Government argued the fee increase recommendation was based on an inconclusive report because not enough doctors and medical service providers had responded with sufficient data to the underlying survey.

Health insurance

The biggest health-related financial burden for the average consumer, however, is not the cost of medical procedures but the cost of health insurance.

Consumer price data confirms what most people see in their paychecks. Insurance costs jumped 14.9 percent during the past nine years, quickly outpacing general price increases. Although a detailed breakdown is not available, health insurance is by far the largest item in the group of insurance products that are used to calculate the consumer price index.

At one point, in June 2013, when changes to the Health Insurance Law took effect, the cost of insurance spiked to 23.7 percent above the June 2008 level.

The revision of the law mandated improved coverage and additional benefits under the Standard Health Insurance Contract, as well as a higher contribution to indigent care. But expanded services came at a price. In many cases, premiums increased 50 percent or more depending on risk factors and the type of coverage plan.
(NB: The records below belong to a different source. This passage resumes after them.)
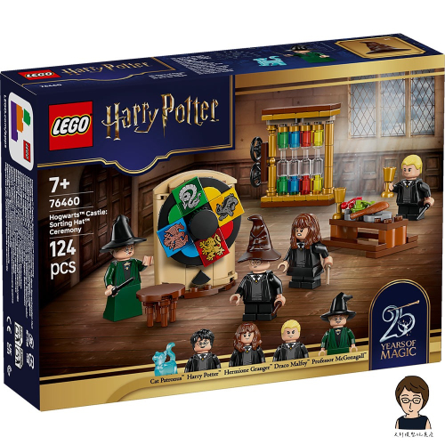暢玩這款樂高® 哈利波特™ 兒童拼砌盒組(76460),重溫《哈利波特:神秘的魔法石™》中,霍格華茲™ 城堡的分類帽™ 儀式。此盒組是適合 7 歲以上男孩、女孩與粉絲的趣味哈利波特玩具禮品,內有 4 隻樂高哈利波特人偶:麥教授™、哈利波特、妙麗格蘭傑™ 和跩哥馬份™。將分類帽戴到每個學生頭上,然後轉動「分院轉盤」,看看他們會加入哪個霍格華茲學院。晚餐桌和學院分沙漏為遊戲增添更多可能性。 此兒童冒險組合向 2001 年推出的史上首款樂高哈利波特盒組(4701)致敬,並包含 1 個值得收藏的 25 週年紀念護法(共有一系列可蒐集):麥教授的貓護法™。 此盒組可放進 Hogwarts Castle: The Great Hall(76435),即一系列模組化拼砌玩具中的另一款盒組(每款均為單獨販售),這些玩具能共同打造出迄今最精緻的樂高積木版霍格華茲城堡場景。此盒組包含 124 個零件。
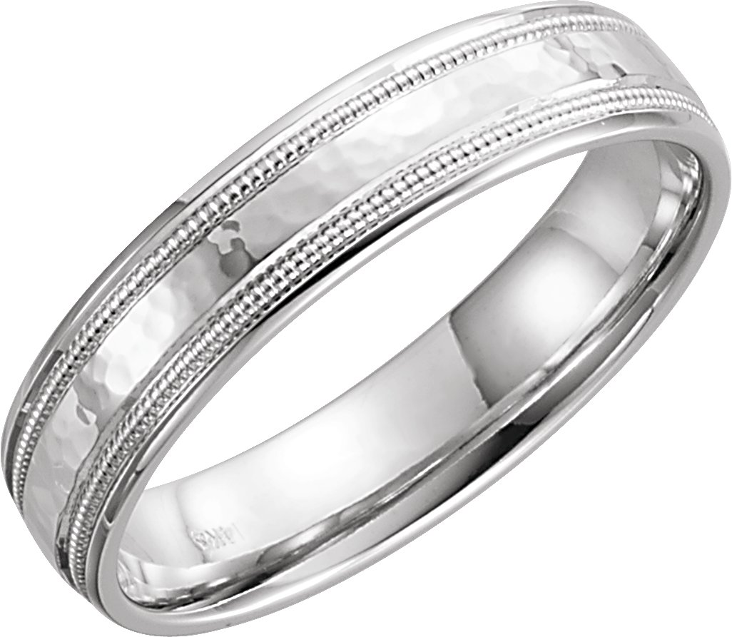 Description: Flat Edge Comfort-Fit Milgrain Band W/Hammer Finish
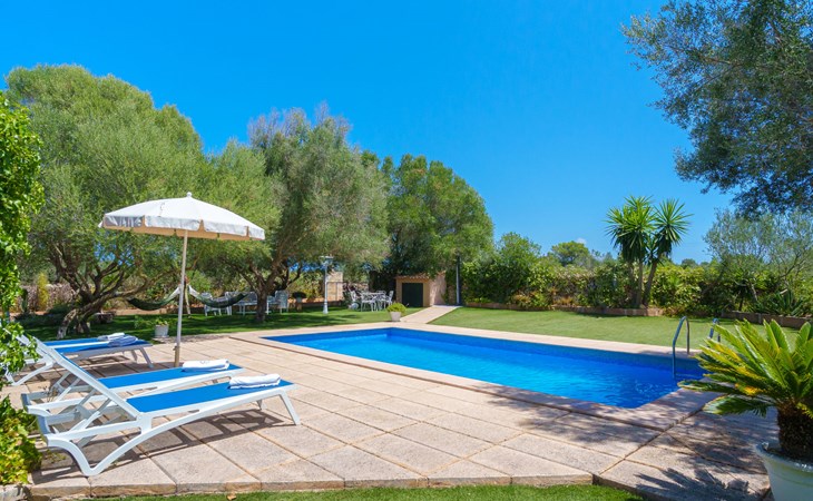 Mooi, gezellige villa "Sa Teulada", gerenoveerd. Buiten de plaats, 4 km van het centrum van Santa Margalida, rustige, zonnige ligging, 11 km van zee, te midden van groen. Voor alleengebruik: wild terrein, mooie tuin, openluchtzwembad hoekig (8 x 4 m, 100 - 170 cm diepte, seizoensgebonden beschikbaarheid: 01.Jan. - 31.Dec.). Buitendouche, patio, prieel, prieel, tuinmeubelen, barbecue, onderhoud zwembad door de eigenaar/tuinman. In het huis: air-conditioning. Supermarkt 3.7 km, restaurant 3.5 km, centrum te voet bereikbaar in 55 minuten, bushalte "Santa Margarita" 4 km, veerboot "Port Alcúdia" 21.2 km, zandstrand "Son Bauló" 10 km. Jachthaven 10 km, golfterrein (18 holes) 24 km, manege 9.5 km, wandelroutes, vanaf het huis, fietspad 500 m. Attracties in de buurt: Can Picafort-Son Serra-Santa Margarita, Palma de Mallorca 53 km, Hidropark Aquatic Park 20 km, Mallorca Fashion Outlet % Cinemas 45 km. Wandelgebied Finca Pública Son Real, Parc Natural de Farrutx, S'Albufera de Mallorca. Auto noodzakelijk. Het objekt is geschikt voor 4 volwassenen. De eigenaar accepteert geen jeugdgroepen. 47 km van het huis. Vliegveld.
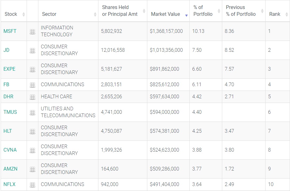 微软(MSFT.US)、京东(JD.US)和Expedia(EXPE.US)位列前三,分别占投资组合比例10.13%、7.5%和6.6%。
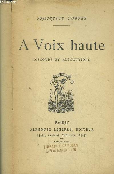 1899, Alphonse Lemerre, in-8 broché de 240 pages, A voix haute - discours et allocutions | Etat : bon état, défraîchi, petits accrocs sur la couverture (Ref.: ref90308)
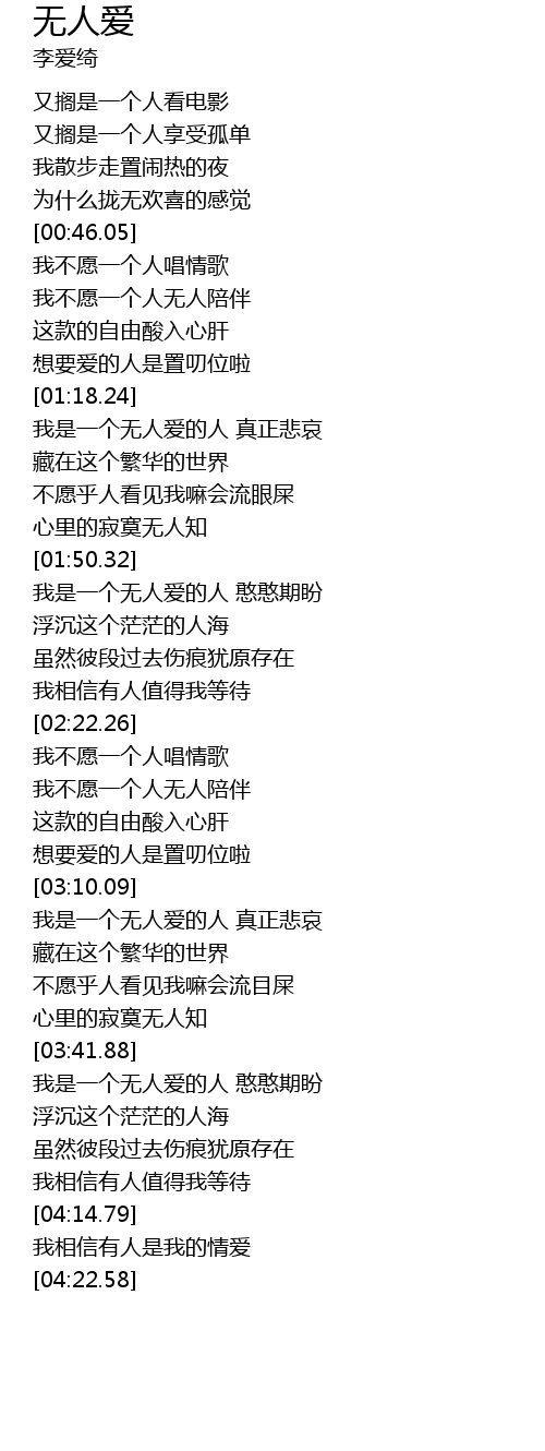 | [03:43.62] | 我是一个无人爱的人 憨憨期盼 |
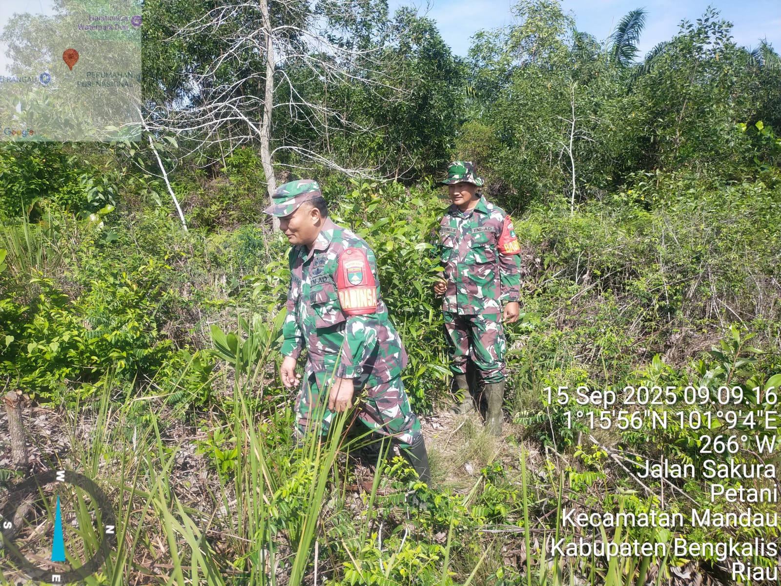 CENTRALNEWS.ID, DURI – Sebagai upaya mencegah terjadinya kebakaran hutan dan lahan (Karhutla) Prajurit Koramil 03 Mandau Serka TR Lase, Serka Agung Saputro dan Koptu Muchsin Khan laksanakan instruksi Danramil 03 Mandau Kapten Czi. Suratmin untuk berpatroli di jalan Desa Petani, kecamatan Bathin Solapan, Senin (15/9).
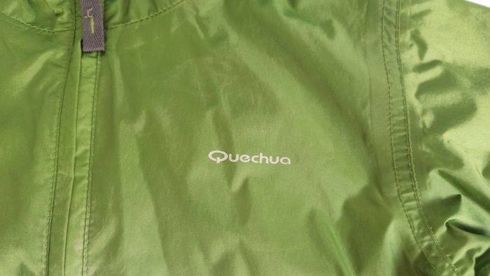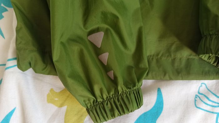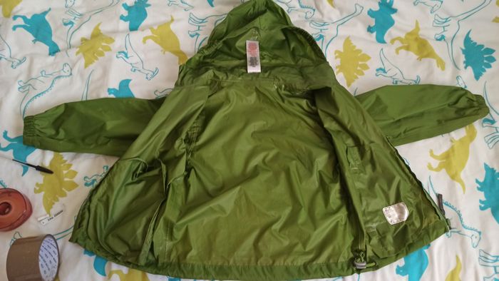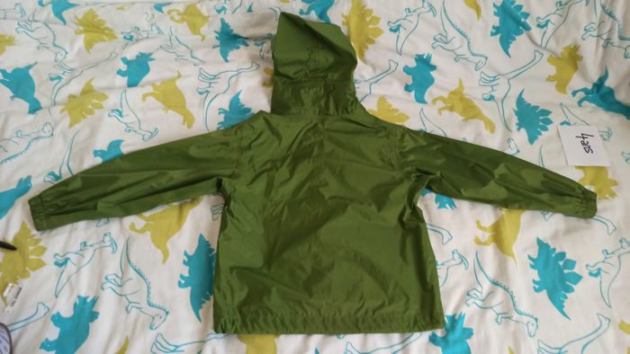Veste légère imperméable zippée à capuche / kway / coupe-vent 4 ans. Acheté chez Décathlon. Système d'accroche pour le plier. Motifs réfléchissants sur un poignée. Très peu utilisé.
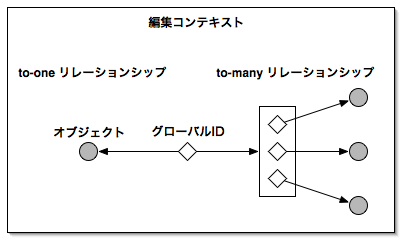 オブジェクトは、IDとセットで管理されます。 このIDはグローバルIDと呼ばれ、メモリ上のオブジェクトを表すオブジェクトIDではありません。 to-oneリレーションシップを持つオブジェクトはグローバルIDと1対1で管理されますが、 to-manyリレーションシップはグローバルID同士で管理されます。
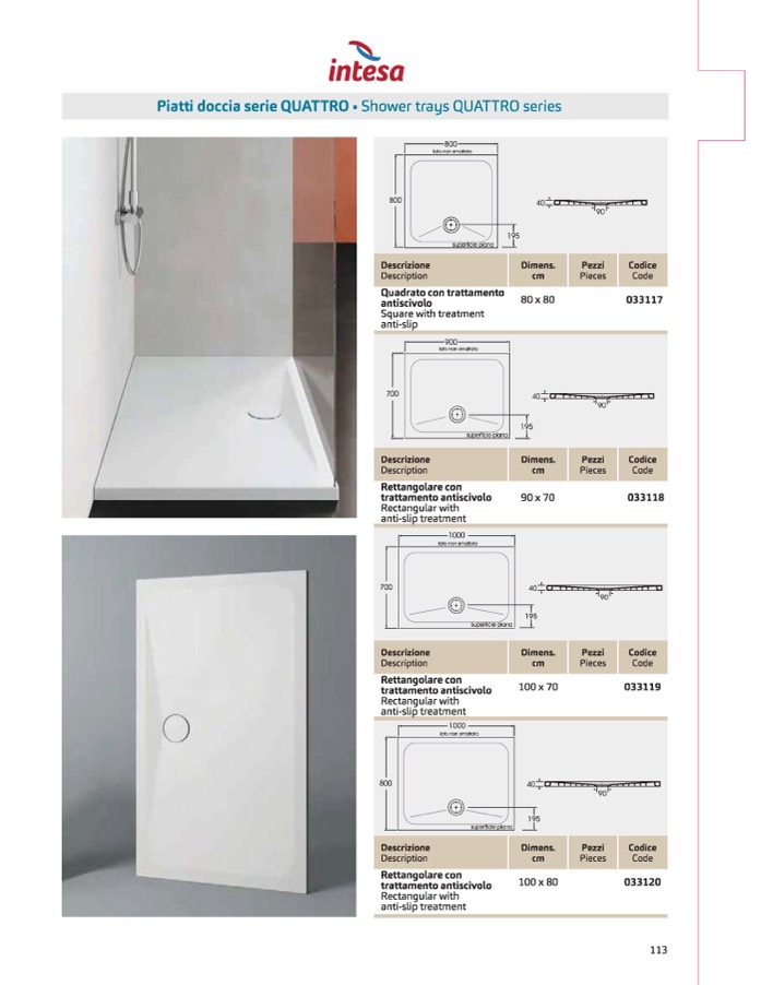 PiattidocciaserieQUATTRO•Shower trays QUATTROseries
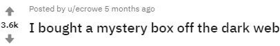 △ 《我在暗网上买了个福袋》,感兴趣的朋友可以阅读下https://www.reddit.com/r/nosleep/comments/90ksmo/i_bought_a_mystery_box_off_the_dark_web/
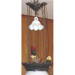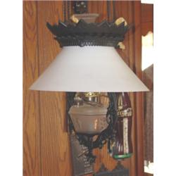 Wrought iron hanging store lamp. Measures approx. 37 1/2" from top to bottom.
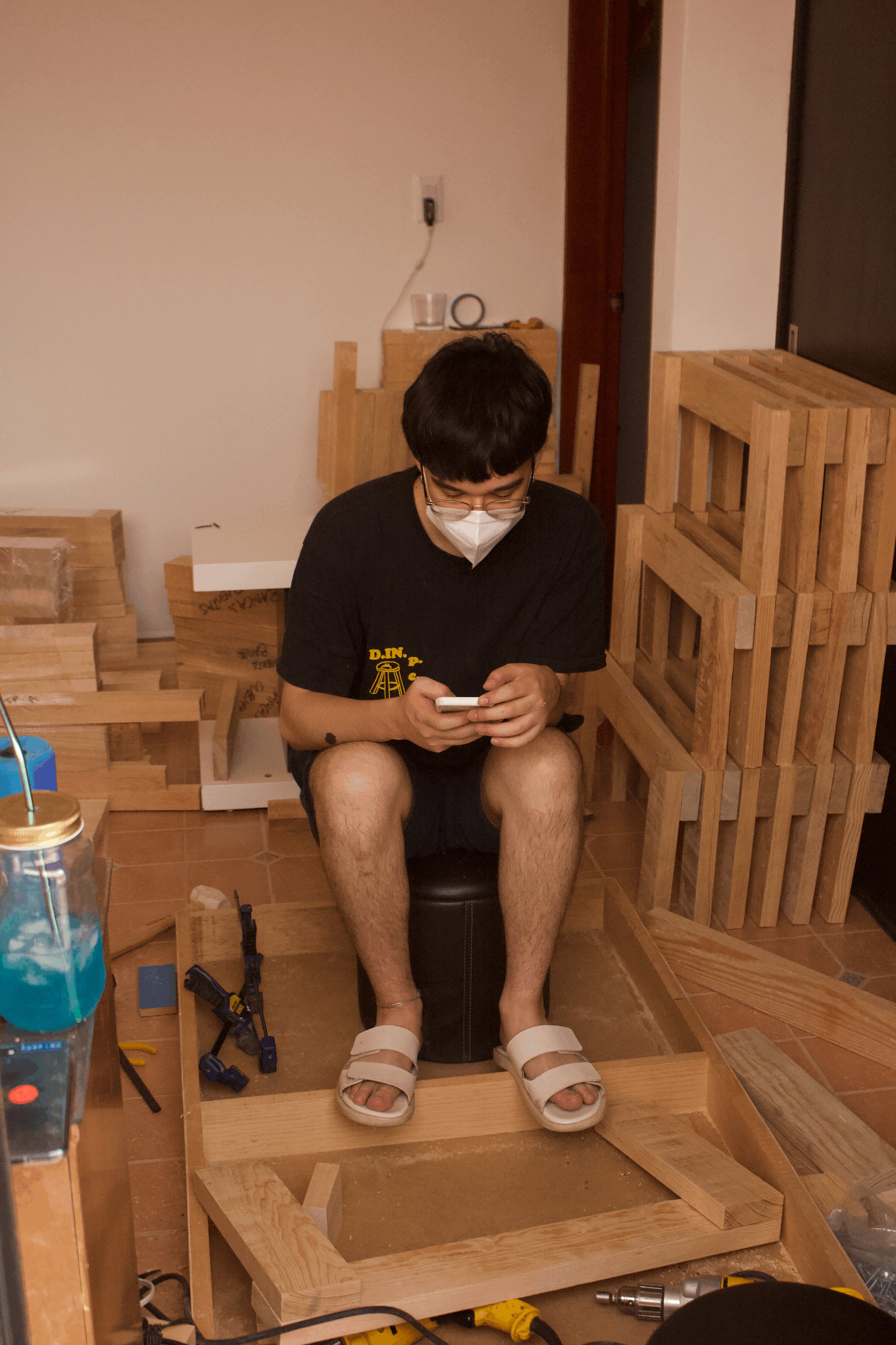 production of furniture in pine wood for fabien cappello / public space lago algo.
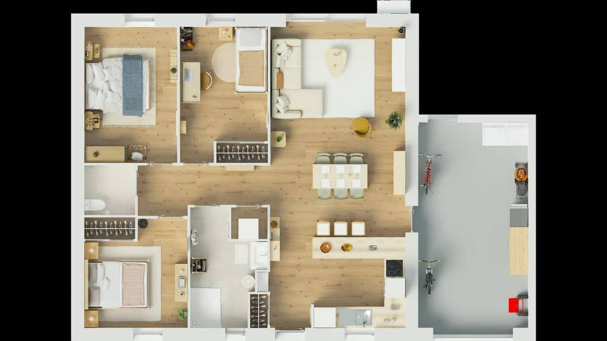 Sur ce terrain, nous vous proposons cette superbe maison de plain-pied au plan optimisé, pensée pour offrir confort et convivialité à toute la famille. Passé l’entrée, vous serez immédiatement séduit par une vaste pièce de vie baignée de lumière, où se côtoient salon, salle à manger et cuisine ouverte, idéale pour partager des moments chaleureux au quotidien.
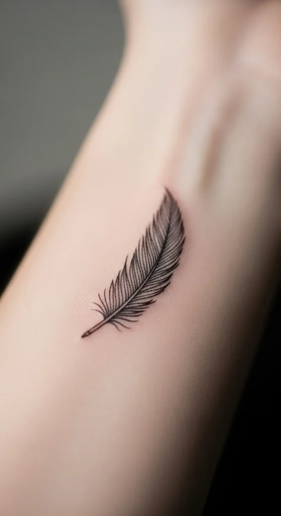 A tiny feather feels light and symbolic. Many people choose it to represent freedom or softness. Keep the feather under 1 inch so it doesn’t lose its gentle look. You can sketch a small feather or use a sticker to test placement. This style pairs well with minimal clusters. It’s affordable and easy for artists to apply. The inner wrist or ribcage works especially well for this design.

Meanwhile, the revised health insurance law and efforts by the Health Insurance Commission were successful in broadening the health insurance coverage of the population. Health insurance for employees has been mandatory in Cayman since 1997.

Since the law was revised in 2013, less than 6 percent of Cayman residents are without health insurance, down from 12 percent in 2010, according to data from the Health Insurance Commission.

A global phenomenon

The explosion of healthcare-related costs is a global phenomenon. In the United States, the cost of healthcare is now a much bigger burden for companies than the cost of taxes, investor Warren Buffett said at his investment firm Berkshire Hathaway’s annual meeting in May. Rather than focusing on tax cuts, businesses should be concerned with the cost of healthcare, he said.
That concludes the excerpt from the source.